┌──

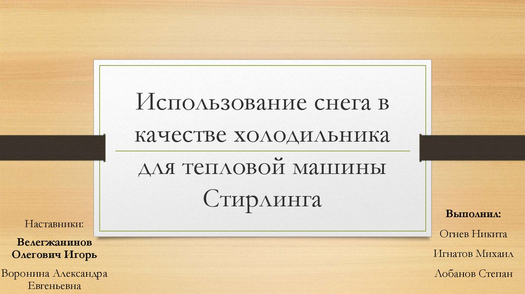 1. Использование снега в качестве холодильника для тепловой машины Стирлинга
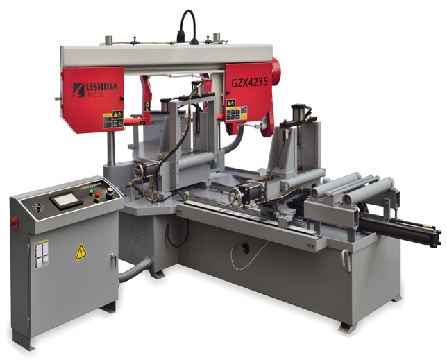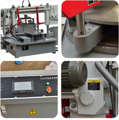 ·角度數控帶鋸床系列適用于大批量同規格材料鋸切,設備切斷速度快,高效 穩定、節能、節材,可配備小料成束裝夾裝置。
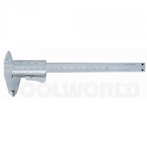 Skydelære DIN 862, med klemmelås, 150 mm, aflæsning 0,05 mm, dybdemål, målestav og nonius matforkromet.i platetui
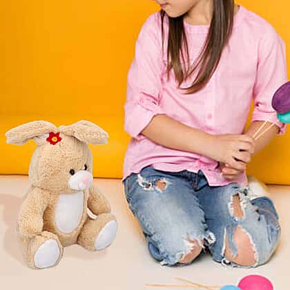 - ADORABLE DETAILING: The red and yellow flower detailing adds an adorable appeal to this stuffed rabbit
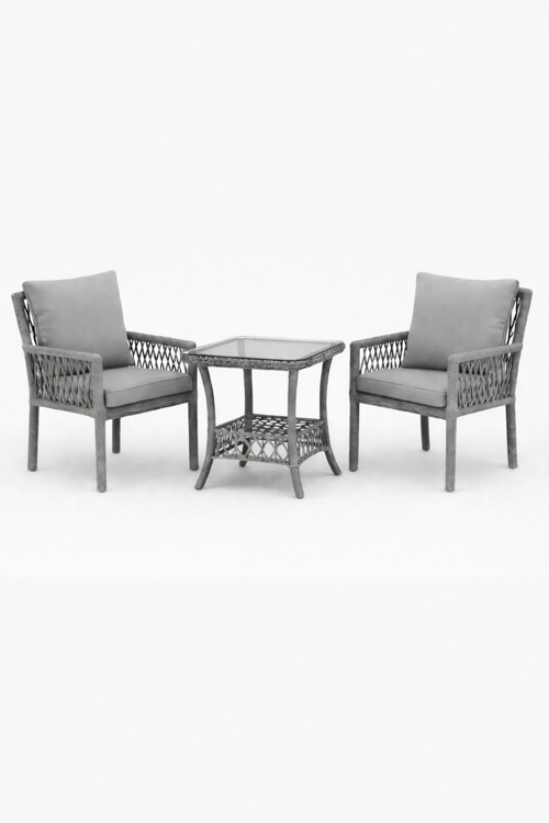 Çavdar Group Oslo Raddan 1+1 Bistro Set Minderli 2 Kişilik Raddan Oturma Grubu Camlı Sehpa Bahçe Balkon Teras Set
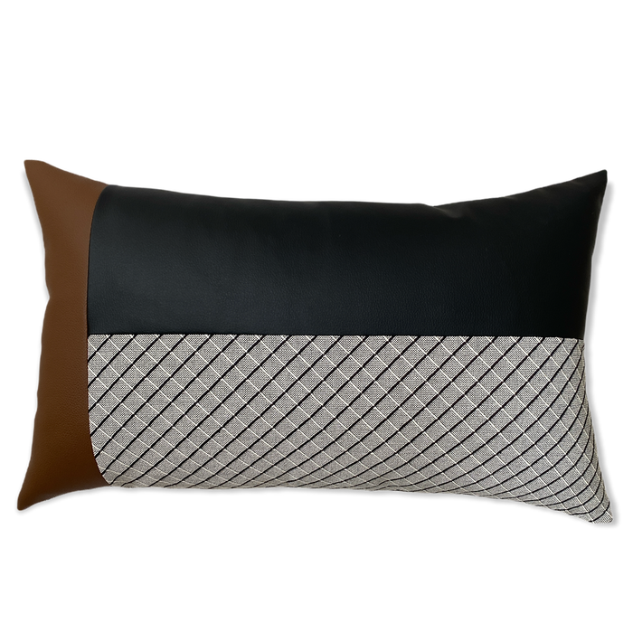 Produzida em jacquard 100% algodão, sua padronagem geométrica é formada pelo entrelace preciso dos fios preto e branco, que criam uma textura visual rica e agradável ao toque. O design é finalizado com detalhes em courino Whiskey e Preto, adicionando profundidade e elegância à peça.
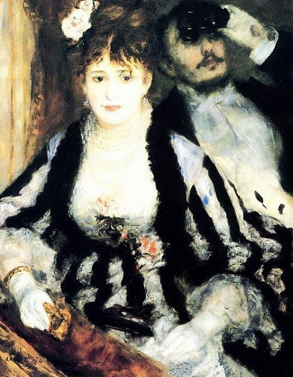 画家成功地表现了剧院中包厢里的气氛,虽然只画了两个人,但画家明显地突出了那个贵妇人的形象,化了妆的贵妇人与身后的绅士形成鲜明对比。
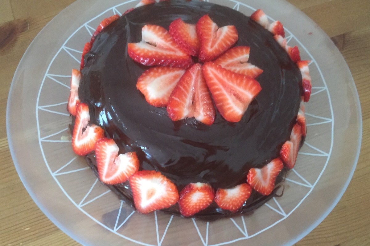 Pour the melted chocolate ganache over the top and spread as evenly as possible over the top and around the sides. Decorate with fresh strawberries, set aside for 2-3 hours then dive in!
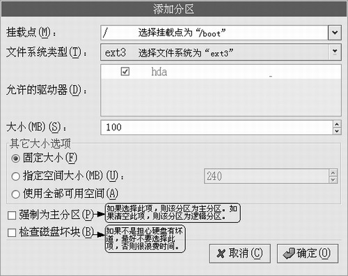 图2 选择安装类型 2.创建Linux分区 创建Linux分区是难点。此处选择“用Disk Druid手工分区”,在接下来的页面上选中刚刚划分出来的7GB自由空间,然后单击“新建”按钮,即可创建Linux分区。对于初学者,可以只分三个分区: (1)引导分区 在弹出的“添加分区”对话框上,在剩余空间创建引导分区,挂载点为/boot,容量可以是100MB,文件系统是ext3,如图3所示。
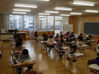 3年生から新しく学力調査というテストがあります。初めてのテストの形に子供たちは戸惑いながらも一生懸命取り組んでいました。
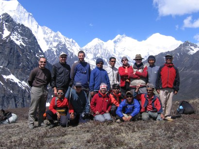 Our 2006 Trekking and Climbing group with Dendi in the front row and Everest (right) and Lhotse (left) either side of the South Col behind.April 2006
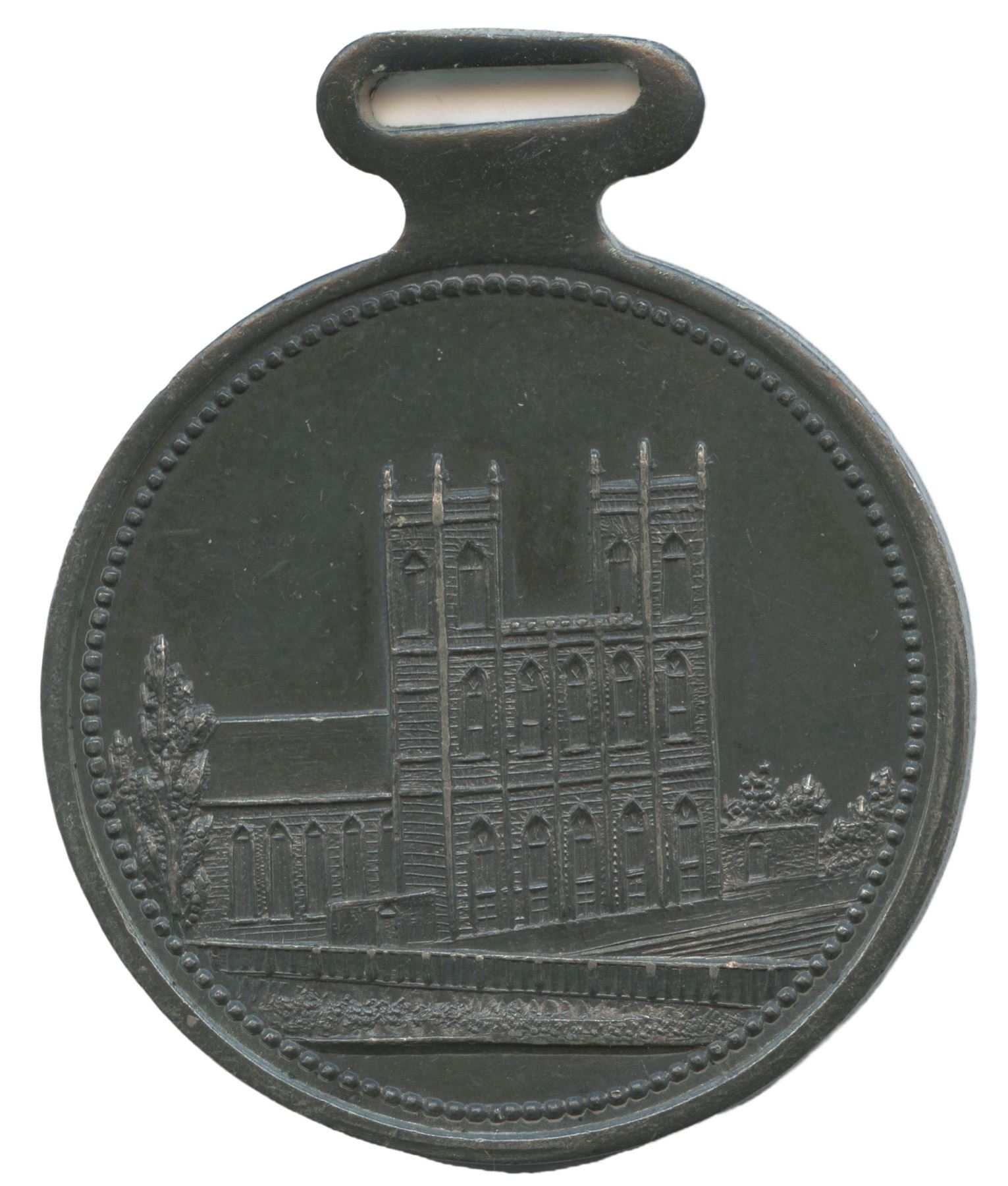 23.8mm. 38.5g. Plain edge. Unsigned. Integrated rectangular hanger. A centennial commemorative with deep, even toning.

└──

Pictures excluded, write out exactly and only the lines of the material from the one containing "- ADORABLE DETAILING: The" up to and including the last line.

 - ADORABLE DETAILING: The red and yellow flower detailing adds an adorable appeal to this stuffed rabbit
 Çavdar Group Oslo Raddan 1+1 Bistro Set Minderli 2 Kişilik Raddan Oturma Grubu Camlı Sehpa Bahçe Balkon Teras Set
 Produzida em jacquard 100% algodão, sua padronagem geométrica é formada pelo entrelace preciso dos fios preto e branco, que criam uma textura visual rica e agradável ao toque. O design é finalizado com detalhes em courino Whiskey e Preto, adicionando profundidade e elegância à peça.
 画家成功地表现了剧院中包厢里的气氛,虽然只画了两个人,但画家明显地突出了那个贵妇人的形象,化了妆的贵妇人与身后的绅士形成鲜明对比。
 Pour the melted chocolate ganache over the top and spread as evenly as possible over the top and around the sides. Decorate with fresh strawberries, set aside for 2-3 hours then dive in!
 图2 选择安装类型 2.创建Linux分区 创建Linux分区是难点。此处选择“用Disk Druid手工分区”,在接下来的页面上选中刚刚划分出来的7GB自由空间,然后单击“新建”按钮,即可创建Linux分区。对于初学者,可以只分三个分区: (1)引导分区 在弹出的“添加分区”对话框上,在剩余空间创建引导分区,挂载点为/boot,容量可以是100MB,文件系统是ext3,如图3所示。
 3年生から新しく学力調査というテストがあります。初めてのテストの形に子供たちは戸惑いながらも一生懸命取り組んでいました。
 Our 2006 Trekking and Climbing group with Dendi in the front row and Everest (right) and Lhotse (left) either side of the South Col behind.April 2006
 23.8mm. 38.5g. Plain edge. Unsigned. Integrated rectangular hanger. A centennial commemorative with deep, even toning.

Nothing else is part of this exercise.